Salesloft
- Type: Private
- Industry: Sales Engagement
- Founded: 2011
- Founder: Kyle Porter, Rob Forman, Tim Dorr, and David Cummings
- Headquarters: Atlanta, Georgia, U.S.
- Key people: Kyle Porter, Rob Forman, Tim Dorr, David Cummings and Tom Noonan
- Products: Sales Engagement Platform
- Website: salesloft.com

= Salesloft =

US sales engagement platform since 2011

Salesloft is a sales engagement platform. The company was founded in September 2011. Though its original product offering focused on sales development, the company has since expanded its platform to offer functionality for the entire sales organization.

==History==
The company's founders, Kyle Porter and David Cummings, met at Georgia Tech's Advanced Technology Development Center and incorporated Salesloft in September 2011. The company relocated to its new office in Regions Plaza in Midtown Atlanta in August 2017.

Based in Atlanta, Georgia, with additional offices in San Francisco, New York, London, Singapore and Guadalajara, Mexico, Salesloft has more than 700 employees and was recognized as the #1 best place to work in Atlanta. The company was also named the 7th Fastest-Growing Technology Company in North America by Deloitte. In April 2019, Salesloft raised a $70M venture round, led by Insight Venture Partners.

In August 2025, Salesloft announced an agreement to merge with Clari, a revenue orchestration platform company.

In March 2026, Salesloft and Clari announced a year-long partnership with the nonprofit Women in Revenue to provide mentorship and professional development opportunities for women in revenue-related roles.

==2025 security incident==
In August 2025, Salesloft disclosed a major cybersecurity incident involving its Drift platform, which it had acquired in February 2024. Initially believed to impact only Salesforce-integrated customers, the breach was later found to be significantly more widespread, affecting a broad array of third-party integrations and potentially compromising over 700 organizations.

The incident was attributed to a financially motivated threat group tracked by Google as UNC6395, which exploited Drift integrations to access connected systems. Researchers from Mandiant and Google's Threat Intelligence Group confirmed that the attackers were able to retrieve OAuth tokens and API keys, enabling access to services including Google Workspace, AWS, VPNs, and Snowflake environments.The ShinyHunters cybercriminal group claimed responsibility to the press, which was later confirmed by BleepingComputer.

Google warned that any Drift integration, regardless of platform, should be considered potentially compromised.

In response, Salesloft recommended that all Drift customers revoke and rotate any existing API keys and began working with Mandiant, Google Cloud, and cyber insurer Coalition to investigate the full extent of the breach. Salesforce also disabled all Drift integrations with its platform as a precaution.
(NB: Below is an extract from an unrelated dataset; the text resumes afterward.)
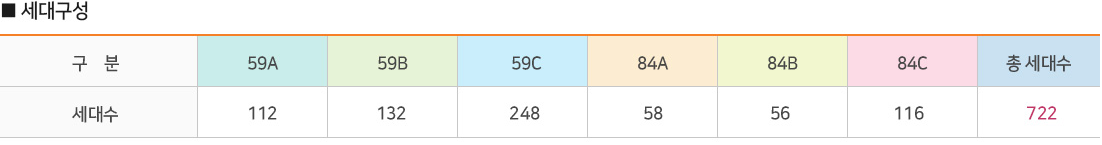 세대 구성은 아래와 같으며 전체 세대가 대다수 남향, 일부가 남향에 가까운 남동향으로 골고루 배치되었으며 다른 검단 신도시 신축 아파트들과 같이 동 간 거리가 넉넉하여 일조권을 침해받는 동호수가 상대적으로 적습니다.

As of early September 2025, the root cause of the breach remained unknown, and the full scope of the compromise was still under investigation. The incident highlighted the security risks of interconnected SaaS platforms. DriftBreach.com was launched to track companies that publicly confirmed they were affected by the breach.

== Acquisition ==
2018

- Acquired North Carolina startup Noteninja for an undisclosed amount.

2019

- Acquired Indianapolis-based sales assistant software company Costello for an undisclosed amount.

2024

- Acquired Drift for an undisclosed amount.